Tijdschrift voor Psychotherapie
© Stichting Tijdschrift voor Psychotherapie 2016
10.1007/s12485-016-0117-0

Gehoord

Psychotherapie: confectie of maatwerk? Dag van de Psychotherapie. Amsterdam, 18 december 2015

Bram BovendeerdContact Information

(1)  Steenwijk, Nederland

Contact Information Bram Bovendeerd
Email: bram.bovendeerd@gmail.com

: 8  2016


A.M. Bovendeerd,  
klinisch psycholoog/psychotherapeut, is werkzaam bij Dimence locatie Steenwijk Specialistisch, adviseur bij Mindfit, promovendus bij de RUG en docent binnen de opleiding tot klinisch psycholoog en psychotherapeut bij PPO/RUG. Hij is tevens redacteur van dit tijdschrift.

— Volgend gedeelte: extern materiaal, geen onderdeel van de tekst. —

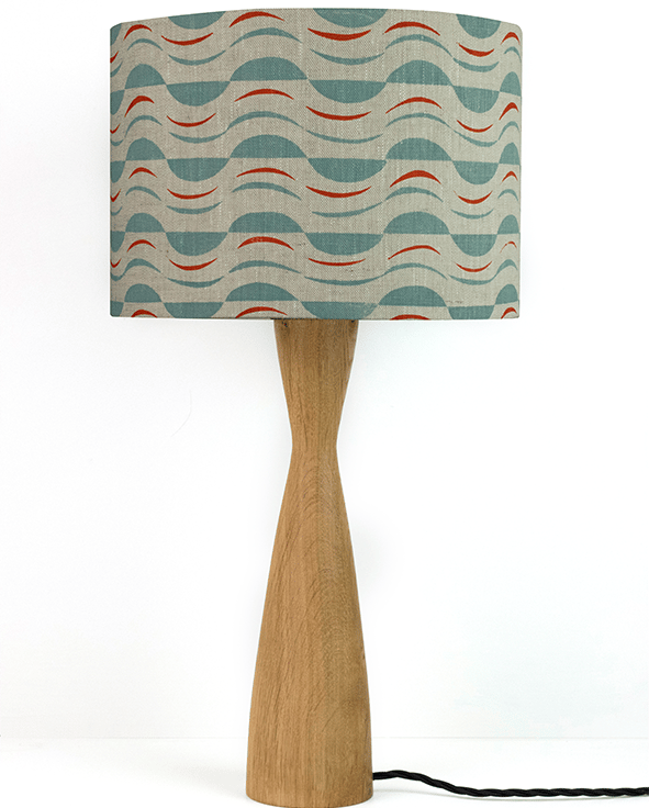 Tall hand printed medium (30cm diameter) lampshade in my Maronti design. Printed in two colours, powder blue and orange.

‘De NVP gaat naar de beurs!’, sprak dagvoorzitter Pim van Dun op de Dag van de Psychotherapie 2015. Hij zinspeelde op het gebouw. Het jaarlijks terugkerende, goedbezochte congres, georganiseerd door de Nederlandse Vereniging voor Psychotherapie (NVP), vond dit keer plaats in de Beurs van Berlage. Het vertrouwde Hotel Krasnapolsky werd namelijk op de schop genomen. Met zijn uitspraak gaf Van Dun mooi weer in welk moeilijk vaarwater ons vak zich momenteel bevindt. Er wordt tegenwoordig fors gekort op de (geestelijke) gezondheidszorg en dus ook op de psychotherapie. Behandelingen waarin je de tijd kunt nemen om optimaal aan te sluiten en maatwerk te leveren, lijken deels te worden vervangen door geprotocolleerde behandelingen die je handelen meer voorschrijven en in tijd strikt gelimiteerd zijn. En wat is hierin wijsheid? Veel tijd nemen terwijl iemand beter of even goed geholpen is met een korterdurende geprotocolleerde behandeling, is niet goed. Maar een protocol afwerken terwijl de behandeling niet aanslaat of patiënten afhaken, is ook geen welbestede inspanning.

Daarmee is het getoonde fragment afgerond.